▶ **Data entries**:
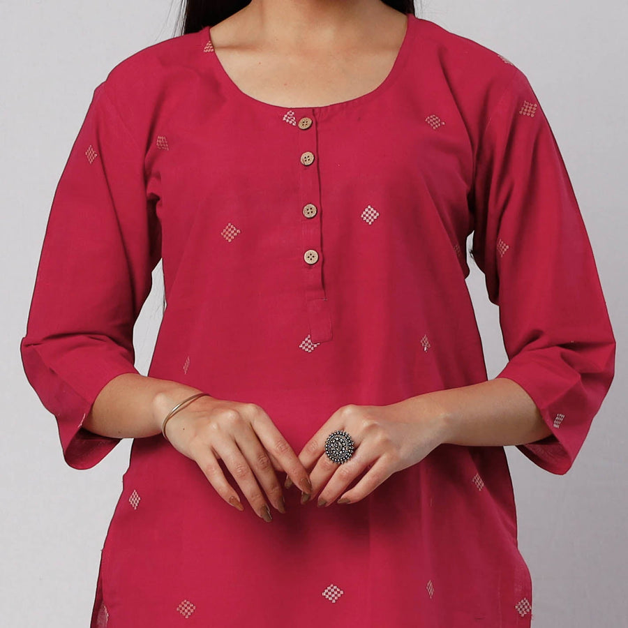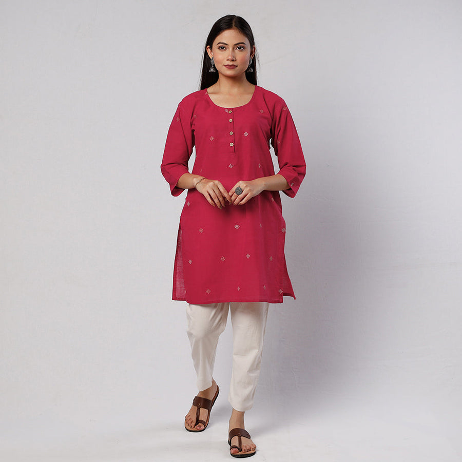 Look and feel beautiful in this uniquely designed jamdani handloom cotton short kurta with side pocket. This cotton kurta makes you comfortable with ease all day long. This kurta is perfect for your daily outing and for a special occasion. The base fabric for Jamdani is unbleached cotton yarn, and the design is woven using bleached cotton yarns so that a light-and-dark effect is created. The process is extremely time-consuming as it involves a tedious form of hand weaving. The making of Jamdani involves the supplementary weft technique along with the standard weft technique. With the latter, a base of sheer material is made on which thicker threads are used to create designs.
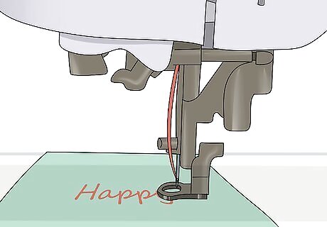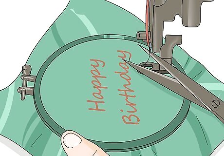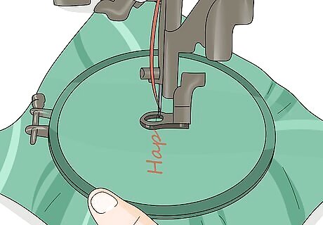 Hold the embroidery hoop as you machine stitch along the template. You'll need to hold the hoop so the first few stitches on your template are secured. Move the hoop to machine embroider the letters on your template. Begin at 1 end of a letter and stitch the outline or fill in the letter before moving on to the next letter. Remember to move the hoop instead of pulling on the fabric.
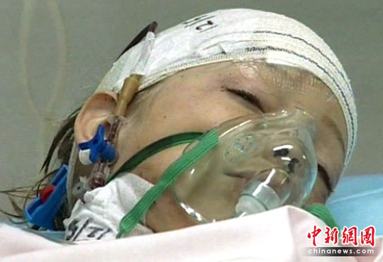 图为幸存的男童接受治疗。
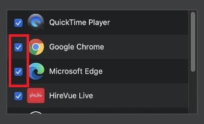 4. Select the checkbox next to the apps that you want to allow screen recording. You might be prompted to quit and reopen an app before you will be able to continue.
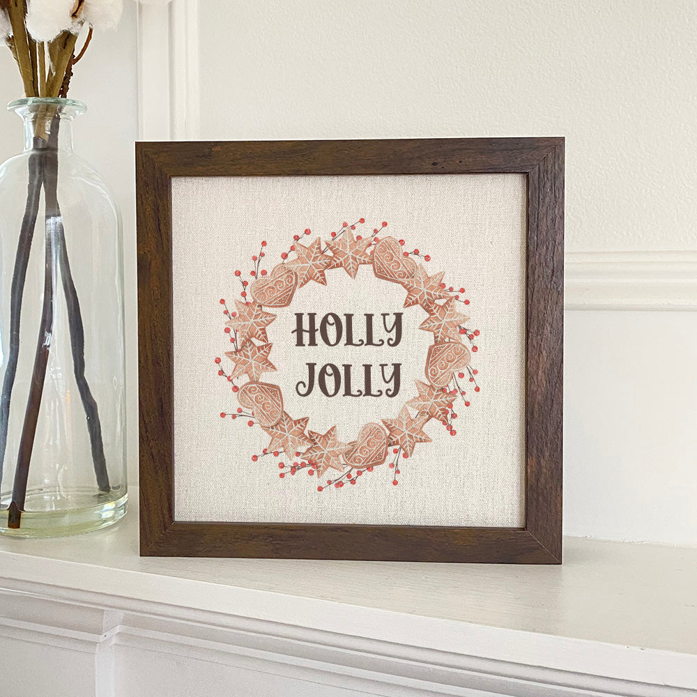 Holly Jolly Gingerbread Wreath - Framed Sign

▶ **WHAT IS NEEDED**:
Every line from the top of the records above to the line with "图为幸存的男童接受治疗。", inclusive, should be duplicated exactly, minus the pictures.

▶ **TASK RESULT**:
 Look and feel beautiful in this uniquely designed jamdani handloom cotton short kurta with side pocket. This cotton kurta makes you comfortable with ease all day long. This kurta is perfect for your daily outing and for a special occasion. The base fabric for Jamdani is unbleached cotton yarn, and the design is woven using bleached cotton yarns so that a light-and-dark effect is created. The process is extremely time-consuming as it involves a tedious form of hand weaving. The making of Jamdani involves the supplementary weft technique along with the standard weft technique. With the latter, a base of sheer material is made on which thicker threads are used to create designs.
 Hold the embroidery hoop as you machine stitch along the template. You'll need to hold the hoop so the first few stitches on your template are secured. Move the hoop to machine embroider the letters on your template. Begin at 1 end of a letter and stitch the outline or fill in the letter before moving on to the next letter. Remember to move the hoop instead of pulling on the fabric.
 图为幸存的男童接受治疗。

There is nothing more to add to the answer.